▶ WORK REQUIRED
Reproduce only this range: the line holding "Tapetes Svītras ar" through the last line of the data below, both included, exactly, with no pictures.

### DATA FOR THE TASK ###

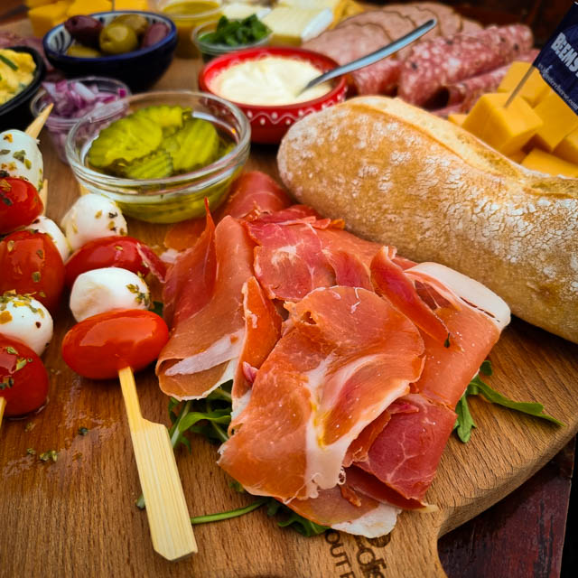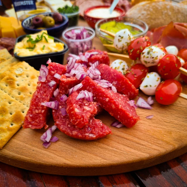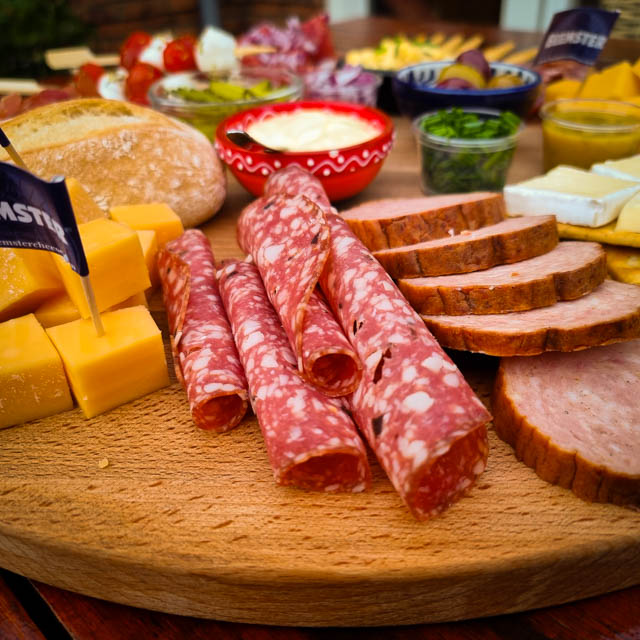 Lekker voor bij de TV of de borrel, tijdens Oud & Nieuw. Deze borrelplank is al jaren een graag geziene gast bij mensen thuis, mede omdat wij alleen maar gebruik maken van verse producten, het liefst uit de regio. Wij gebruiken bijvoorbeeld alleen maar kaas van Beemster, en de overige producten komen van lokale winkels en slagers. Probeer hem ook eens, hij is verkrijgbaar voor een groep van 6 personen!
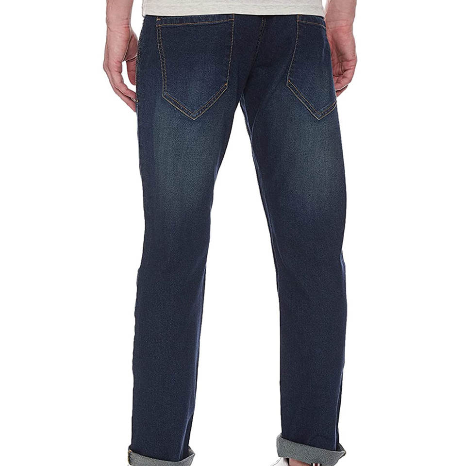 กางเกงยีนส์ชายทรงตรงเอวปานกลางน้ำหนักเบาสีทึบกางเกงลำลองสำหรับผู้ใหญ่
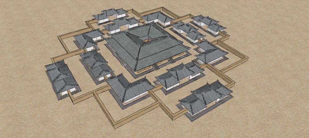 遺址結(jié)構(gòu)清晰——以中心夯土臺(tái)基為中心,東西南北各有兩組并行對(duì)稱的長(zhǎng)方形附屬建筑,四角分布曲尺形附屬建筑。殘留建筑遺跡面積近9000平方米。
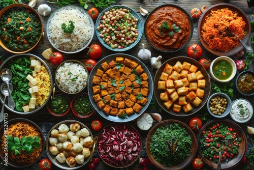 Fototapeta premium Top view of an assorted traditional Indian feast with vibrant dishes, perfect...
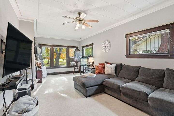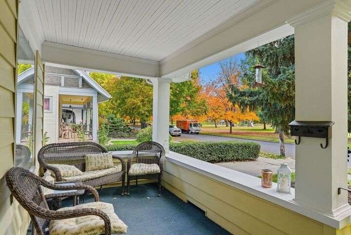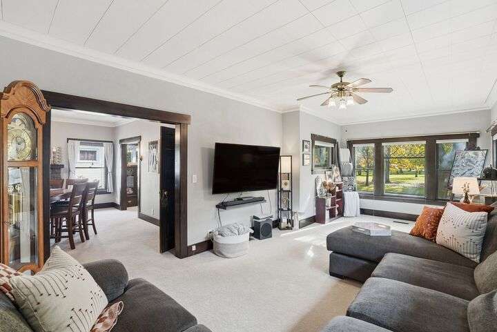 Remarkable is an understatement! This turn-of-the-century historical era home, nestled directly across the street from Corbin Park, has all the charm one could ask for. Functional floorplan with a primary bedroom on the main floor, large formal dining area with/ fireplace, office/den, spacious living area, 1 ½ Bathrooms, flowing kitchen, and a light & bright sun room. Upstairs consists of 2 more Bedrooms, 1 Bathroom, a private enclosed deck, in addition to a wonderful rooftop patio that overlooks Corbin Park! Downstairs provides ample storage in addition to a non-conforming Bedroom. Outside, the fully fenced/landscaped backyard has a patio area, water feature, and a detached 2-car garage with alley access. Enjoy all of the different BEAUTIFUL seasons Corbin Park has to offer, from your front porch!
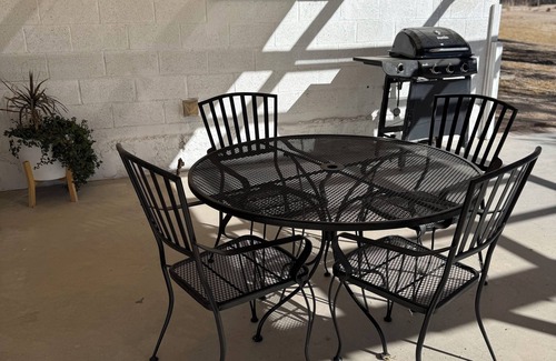 •Washer & dryer for guest convenience. Smart TV & Wi-Fi The Mercantile sits on a fully fenced half-acre, ideal for pets and kids to roam freely. Enjoy outdoor dining on the private back patio, or take in the quiet desert evenings under a canopy of stars. There’s a detached two-car garage and ample parking for RVs, toy haulers, and trailers.
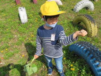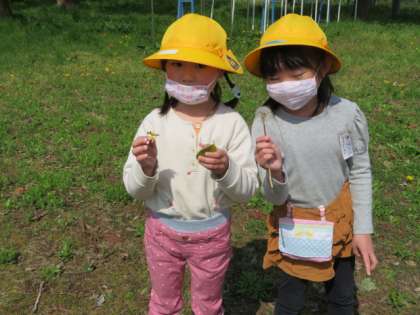 グラウンドへ出かけて、身近な「春」を探しました。暖かくなって咲いた花や動き出した小動物をたくさん見付けました。、
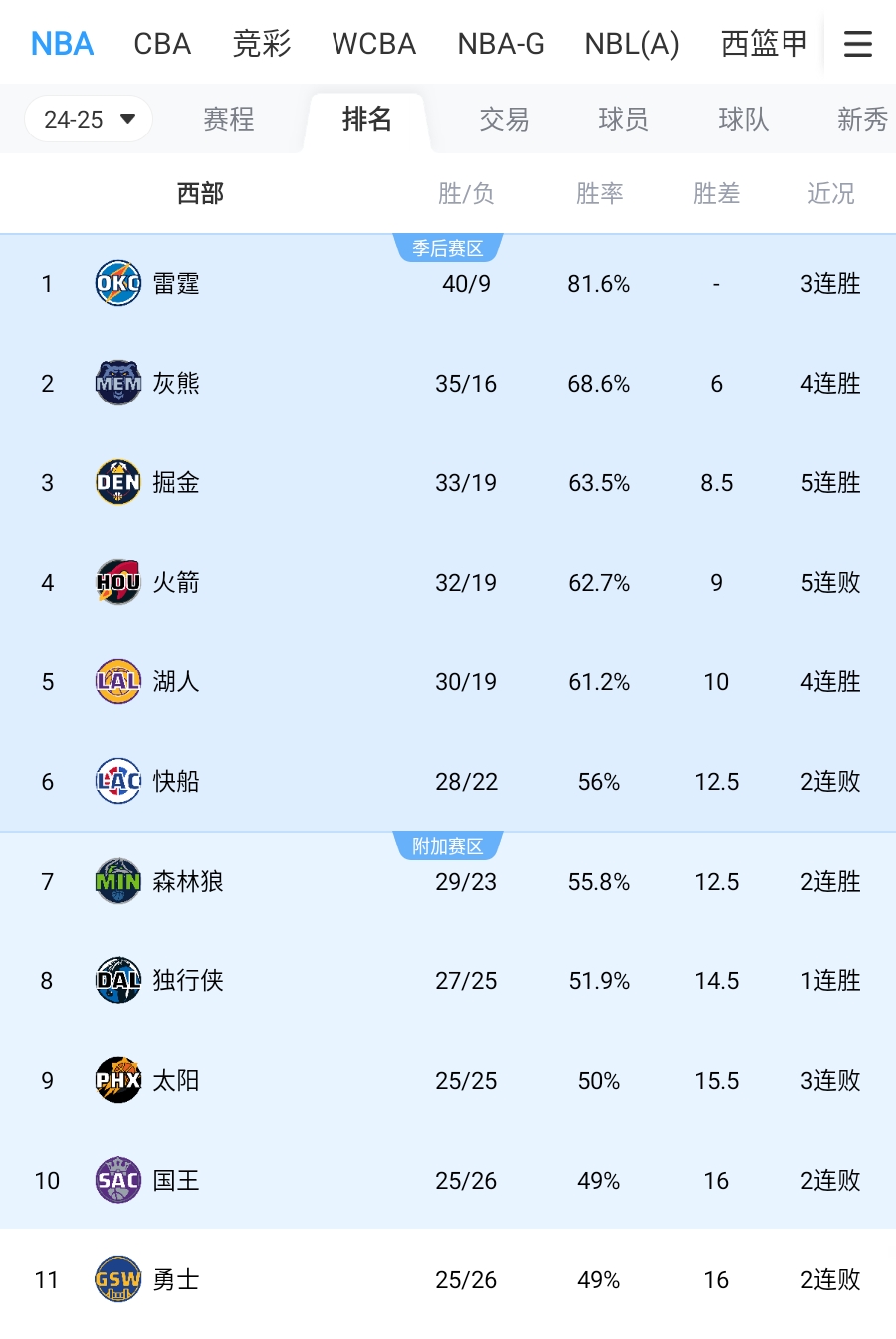 本場比賽過后,湖人對勇士完成三殺,目前30勝19負(fù)仍然位居西部第五名,距離第四的火箭僅有1個(gè)勝場,距離第三的掘金1.5個(gè)勝場。
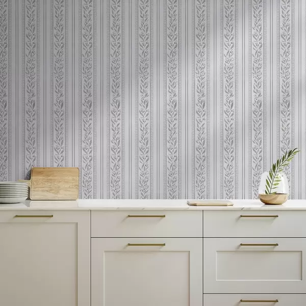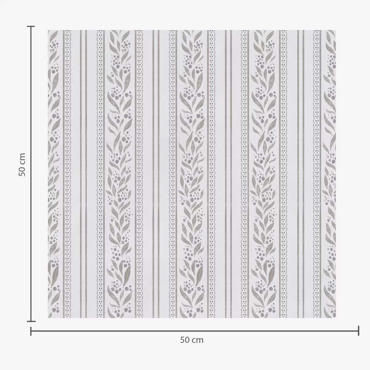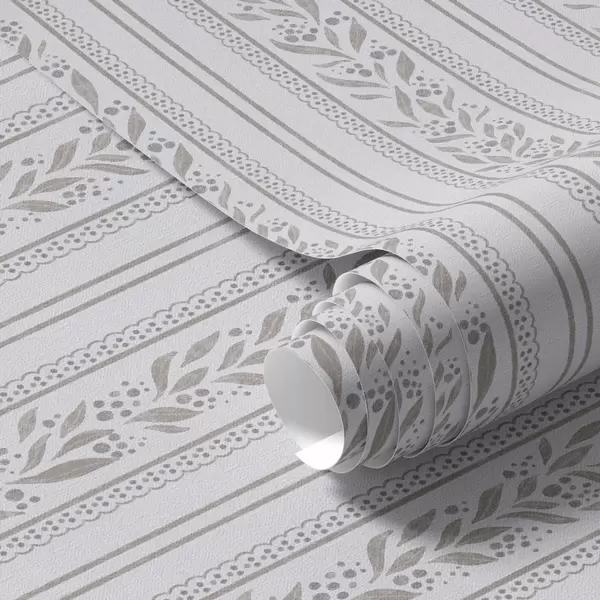 Tapetes Svītras ar mežģīnēm un zariņiem uz vēsā balta fona Nr. a00814v1
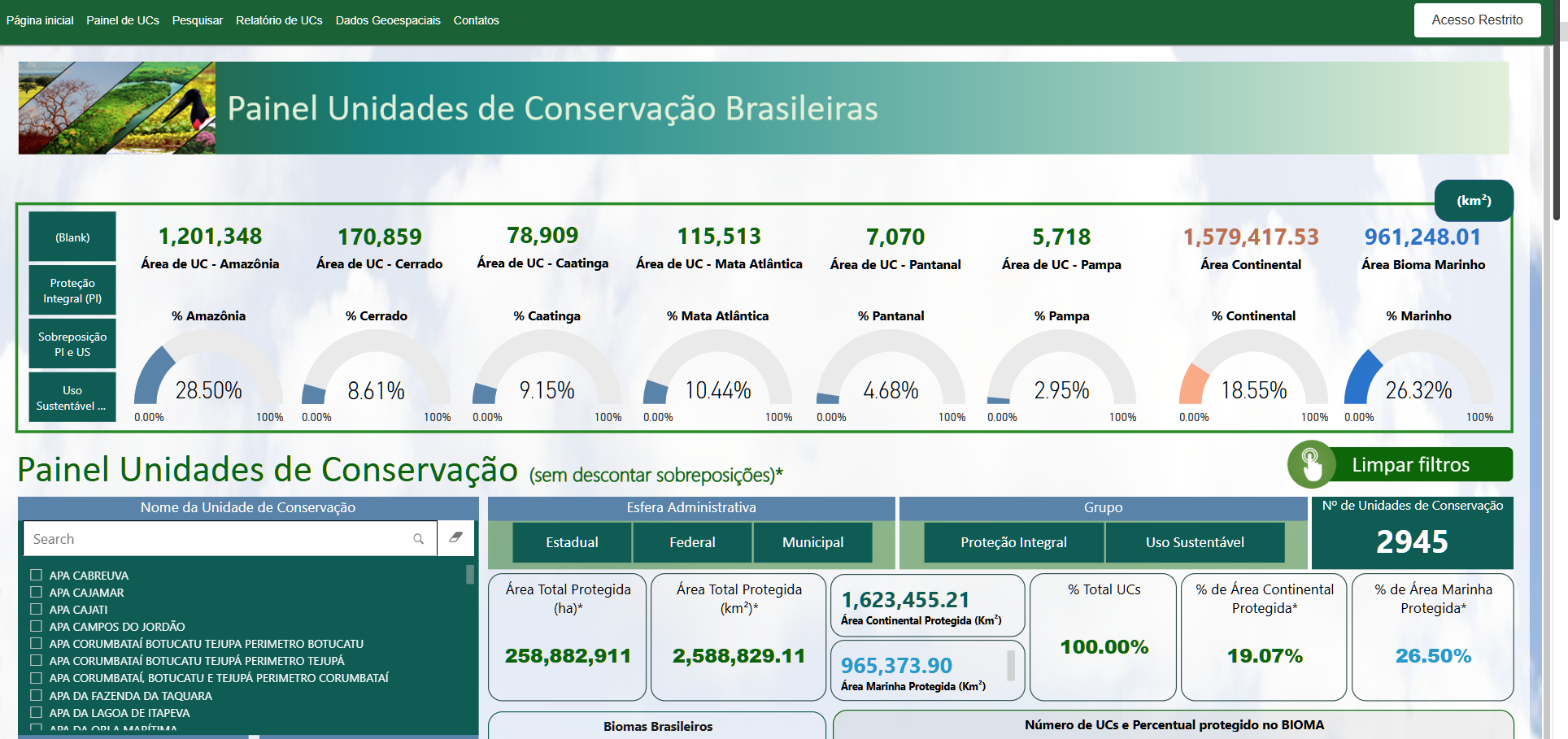 Acesse o Painel de Unidades de Conservação Brasileiras.
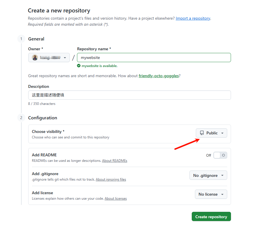 登录github账号进入主页创建一个仓库,名字随便填,可见性设置为Public,然后点击创建按钮即可

###

▶ EXERCISE RESPONSE
 Tapetes Svītras ar mežģīnēm un zariņiem uz vēsā balta fona Nr. a00814v1
 Acesse o Painel de Unidades de Conservação Brasileiras.
 登录github账号进入主页创建一个仓库,名字随便填,可见性设置为Public,然后点击创建按钮即可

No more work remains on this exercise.